_AIM OF THE EXERCISE_
Write each line out exactly, from the one containing "Ensemble textile : blanchisserie, logis" through the final line of the data, and keep pictures out of the copy.
(DATA Opens)
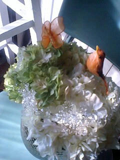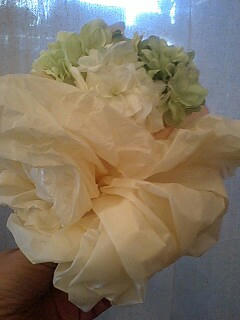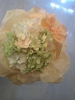 新作で入った白とグリーンのなんとも言えない 可愛いい花びらの紫陽花ブーケをオーダーいただきました
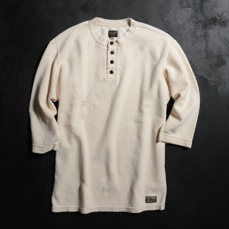 他の画像を見る Spinner.L[WORKER HENLEY NECK] 凸凹のムラ糸表面を焼却したシェイプコットンによる7oz吊天竺。 1920sワークヘンリー長袖ニット ¥ 12,100 税込 詳細を見る
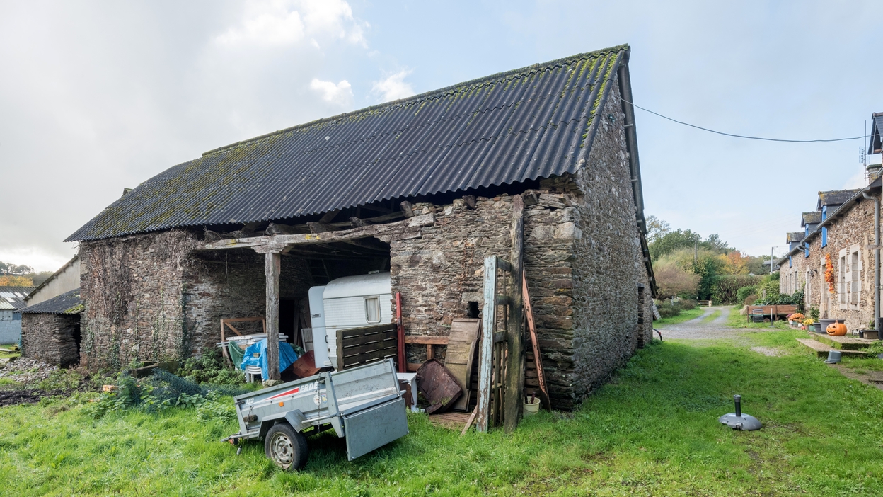 Ensemble textile : blanchisserie, logis sur porche et maison de marchand de toile, Le Gouézo (Saint-Thélo),
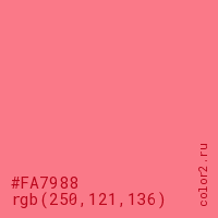 Цвет #FA7988 в цветовой модели RGB обозначается тремя октетами (250, 121, 136) в десятичном формате и #FA7988 в шестнадцатиричном (hex) формате, которые являются интенсивностью красного 250 (hex FA), интенсивность зелёного 121 (hex 79) и интенсивность синего 136 (hex 88).
(DATA Closes)
_EXPECTED ANSWER_
 Ensemble textile : blanchisserie, logis sur porche et maison de marchand de toile, Le Gouézo (Saint-Thélo),
 Цвет #FA7988 в цветовой модели RGB обозначается тремя октетами (250, 121, 136) в десятичном формате и #FA7988 в шестнадцатиричном (hex) формате, которые являются интенсивностью красного 250 (hex FA), интенсивность зелёного 121 (hex 79) и интенсивность синего 136 (hex 88).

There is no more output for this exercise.